Hi there, I have a question regarding what would be the "recommended" incremental ingestion approach using DLT to pull raw landing data into bronze and then silver?
The original approach I've been considering is to have raw CSV files arrive in a landing dbfs path and ingest it into a bronze `streaming` table (even though it's triggered to run 1-2 times a day). This bronze table would have ALL the raw data ever submitted, regardless of whether it has duplicates or not. Immediately downstream a silver `streaming` table would deduplicate the data and ensure that the data types are set accordingly. Below is code for a single DLT bronze `streaming` table as I'm meaning to ingest it:
<at-symbol>dlt.table
def bronze_table_name():
return (
spark.readStream.format("cloudFiles")
.option("header", "true")
.option("cloudFiles.format", "csv")
.option("inferSchema", "true")
.option("cloudFiles.partitionColumns", "project_id")
.load(f"{dataset_path}/{table_name}")
.select("*", "_metadata.file_name")
)
Alternatively, I've noticed a slightly different pattern that has bronze as a view rather than a table, and then both dedupping and data type enforcement are handled in the silver table.

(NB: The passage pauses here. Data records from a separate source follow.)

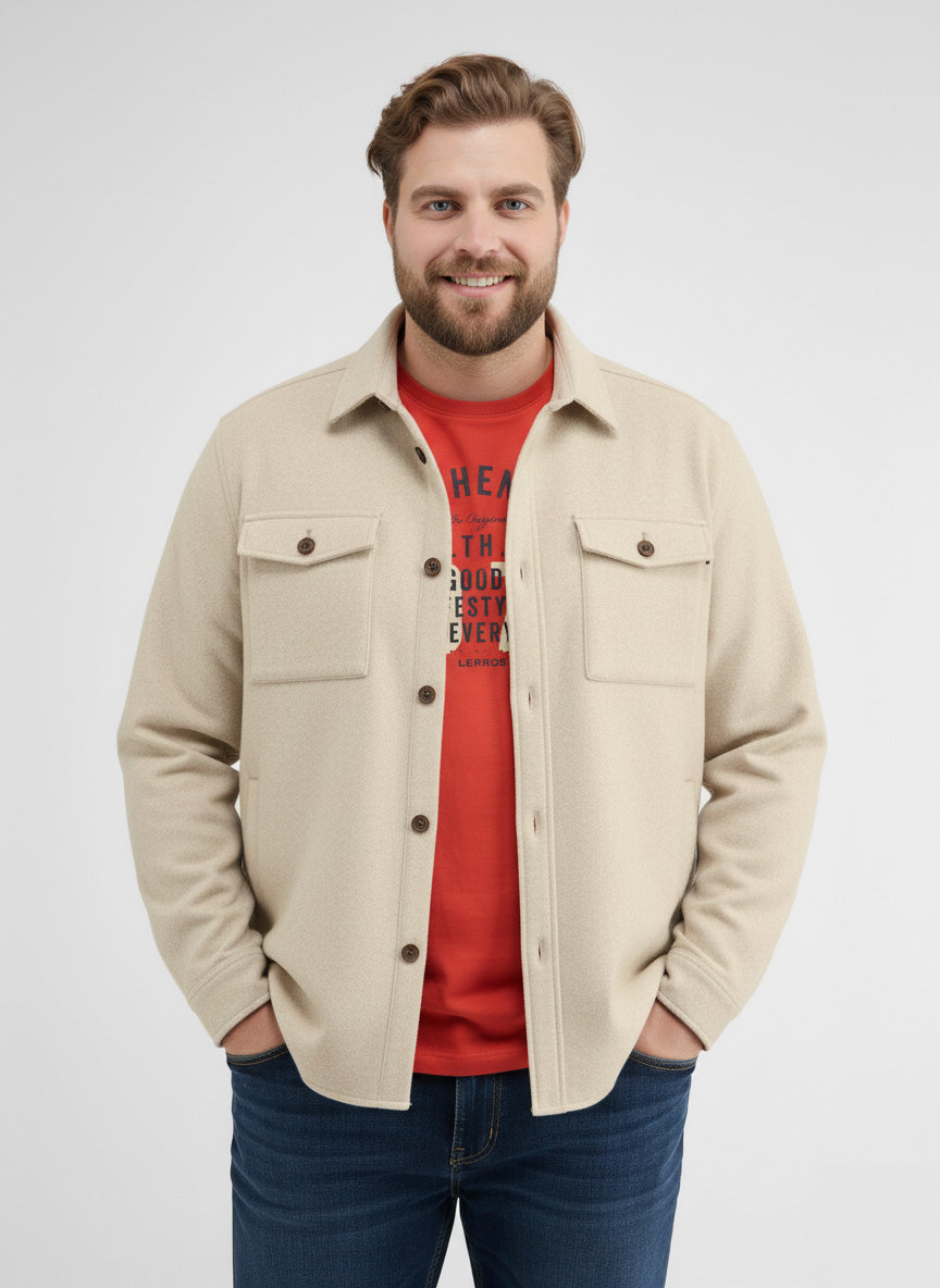 Urban style en mode-statement tegelijk: het LERROS overhemdjasje in wollook is gemaakt van robuuste synthetische vezels. De grote opgestikte zakken, contrasterende knopen en zijzakken transformeren dit overshirt in een lichtgewicht jasje, waardoor het overhemd perfect is voor de overgang naar de herfst. Zorg:
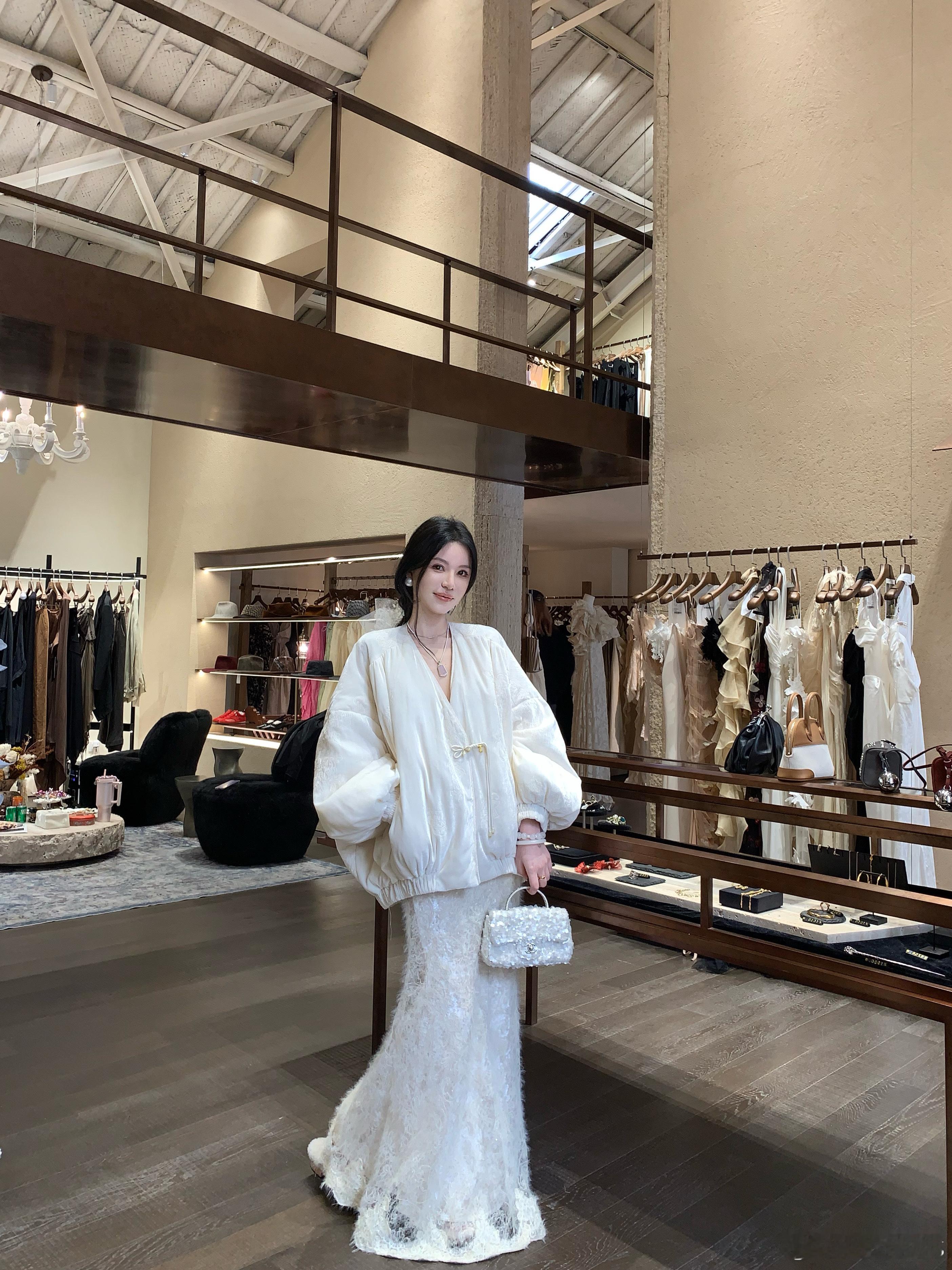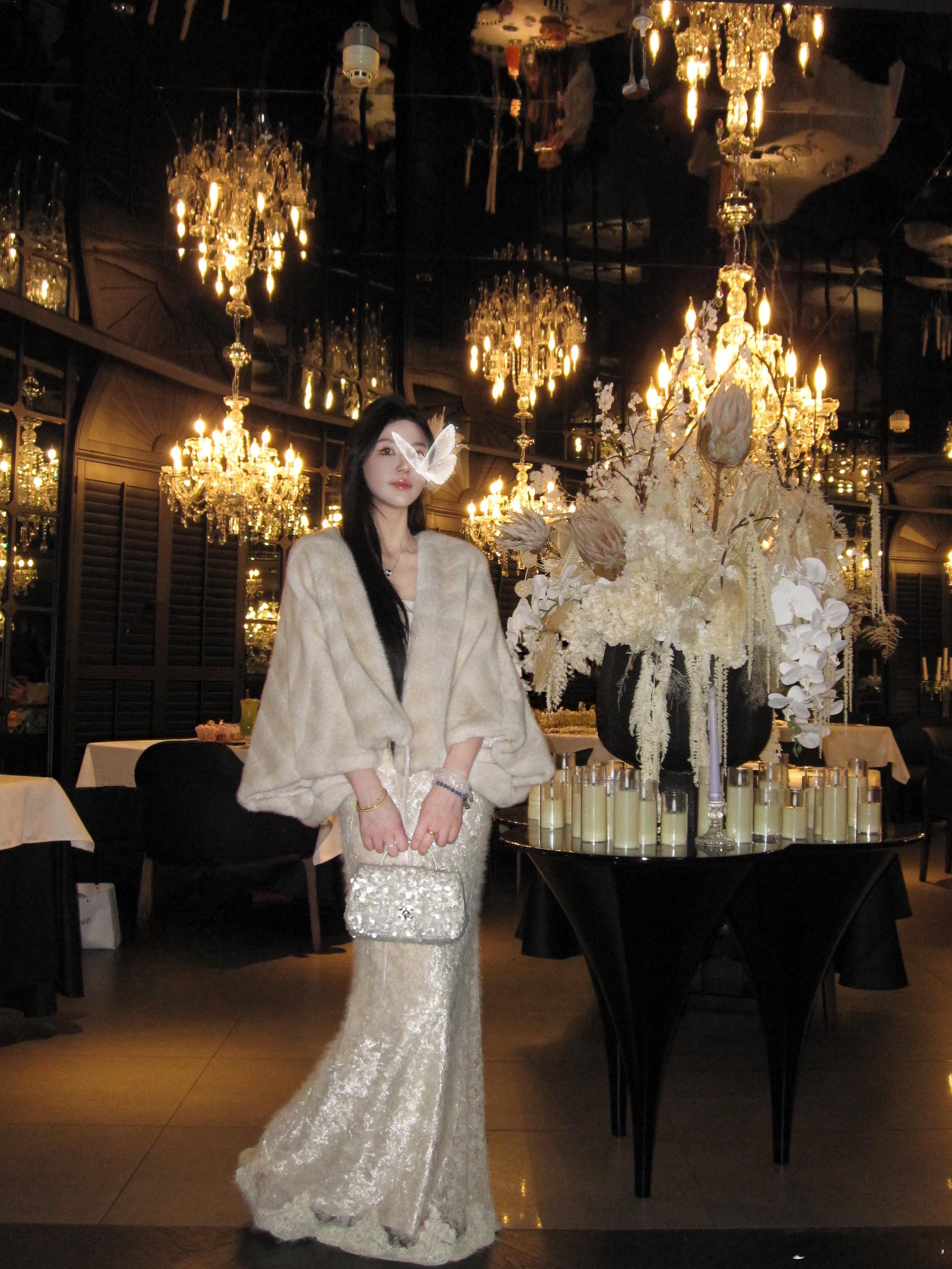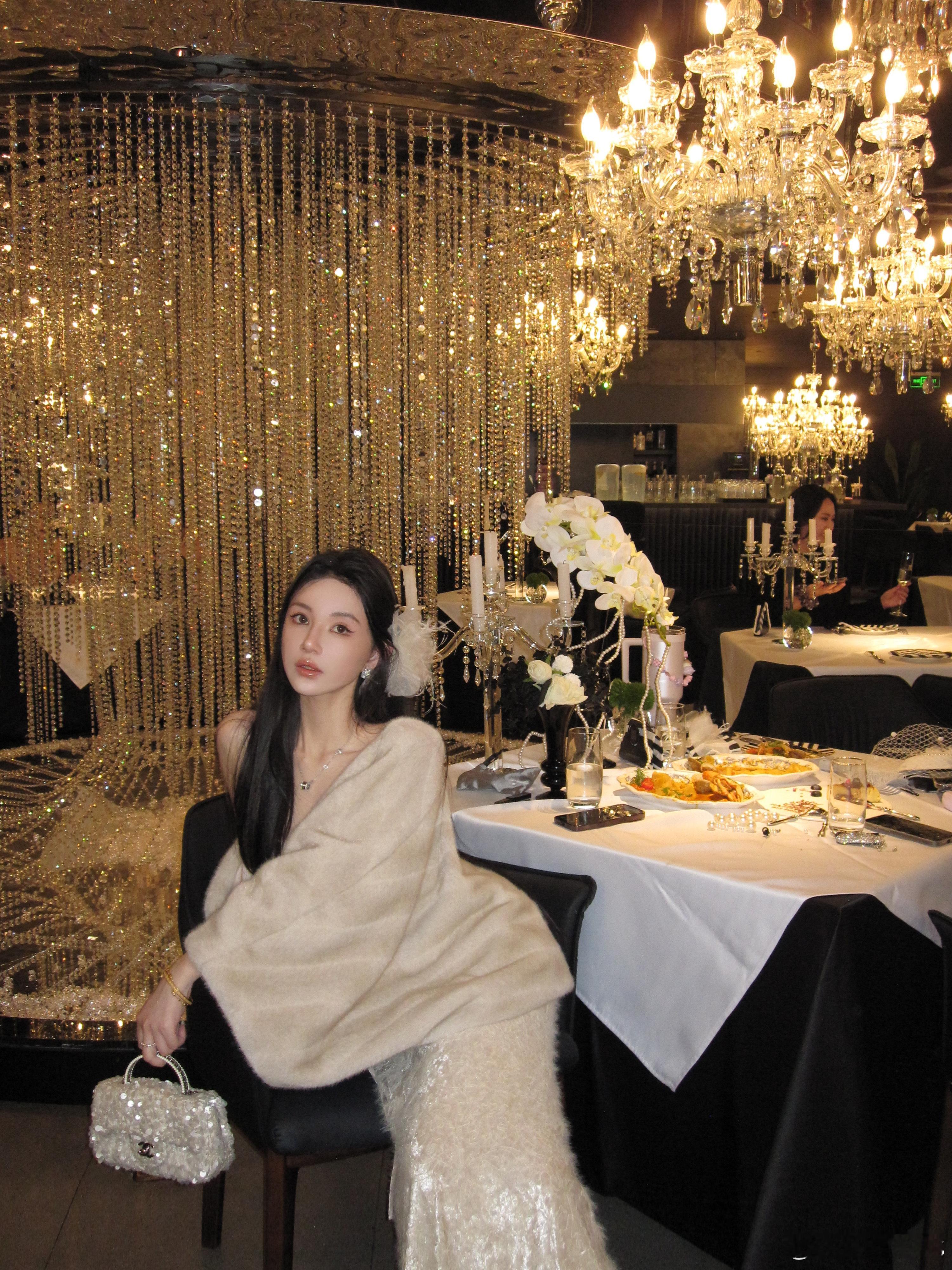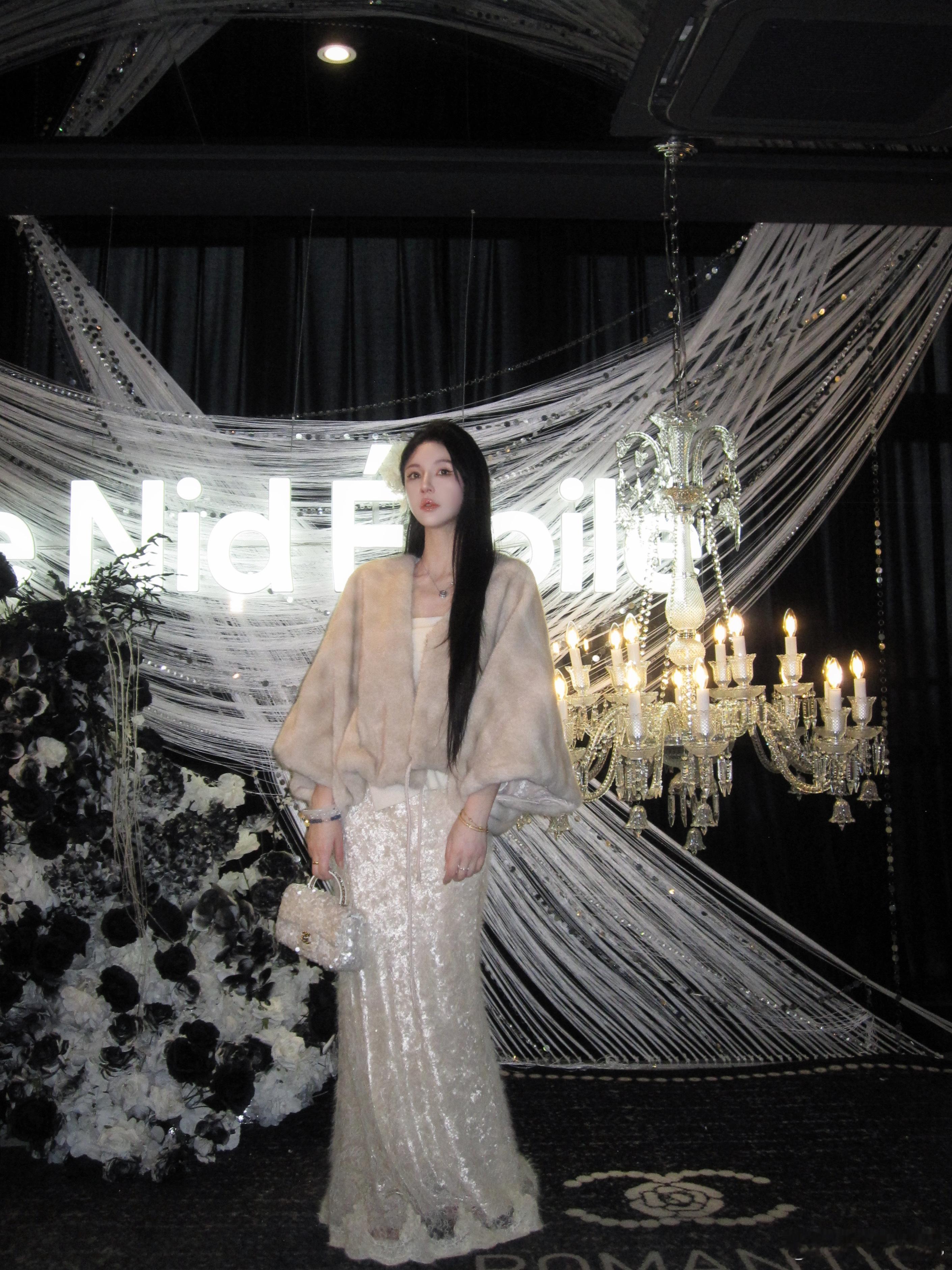 羽毛纱的篷松柔糯、珠片的璀璨闪烁✨丝绒的细腻垂坠相互交织,裙摆股线蕾丝花边如精致流苏,为半裙增添了浪漫柔美感,让造型瞬间蜕边为穿搭的“吸睛点”💡
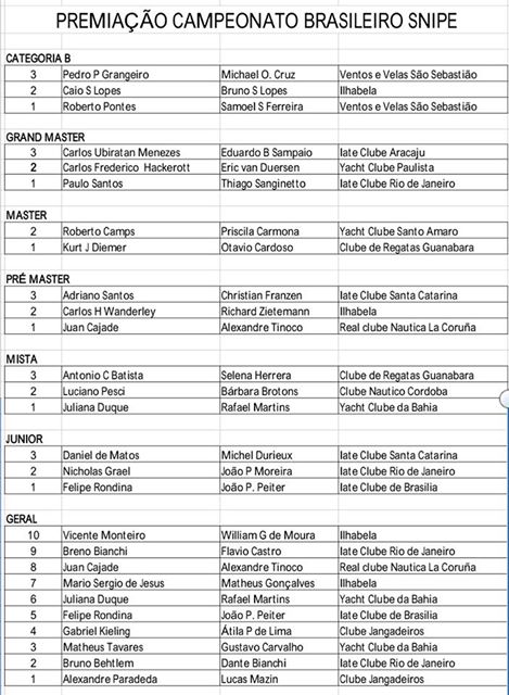 Ilhabela, January 27, 2017. Final results after 9 races (2 discards)
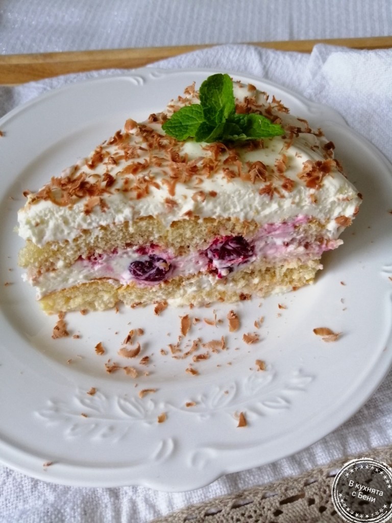 На дъното на кръгла форма с диаметър 25 см. и височина 5 см. сложих малко от крема. Отгоре подредих плътен ред от бишкоти, които потопих за 3-4 секунди в хладкото мляко. По-добре да останат една идея по-твърди, отколкото да се разкашкат в десерта. Те така или иначе ще доомекнат от влагата на крема. Върху тях сложих пласт от крема и разпределих вишневия сос. Използвах и малкото останала течност. След това подредих втори ред потопени в мляко бишкоти и завърших с крем. Прибрах десерта в хладилника за не по-малко от 4-5 часа. Преди сервиране го поръсих с настърган шоколад и отрязах първото парче. 🍒Всъщност в хладилната камера винаги имам пакет замразени вишни, защото дават много въможности за приложение.🍒Момчетата определиха вкуса на десерта като на сладолед 😋🍦Може да приготвите студения сладкиш и в отделни чаши.🍨

I would appreciate feedback on this matter. In my instance we have some very big tables, so I'm not sure if/when the second approach would make any sense for us since I'm assuming that a bronze view would take more and more "querying" time as the raw datasets keep growing, whereas with my original approach it would only ever process the new raw data on a daily run rather than querying the entire dataset.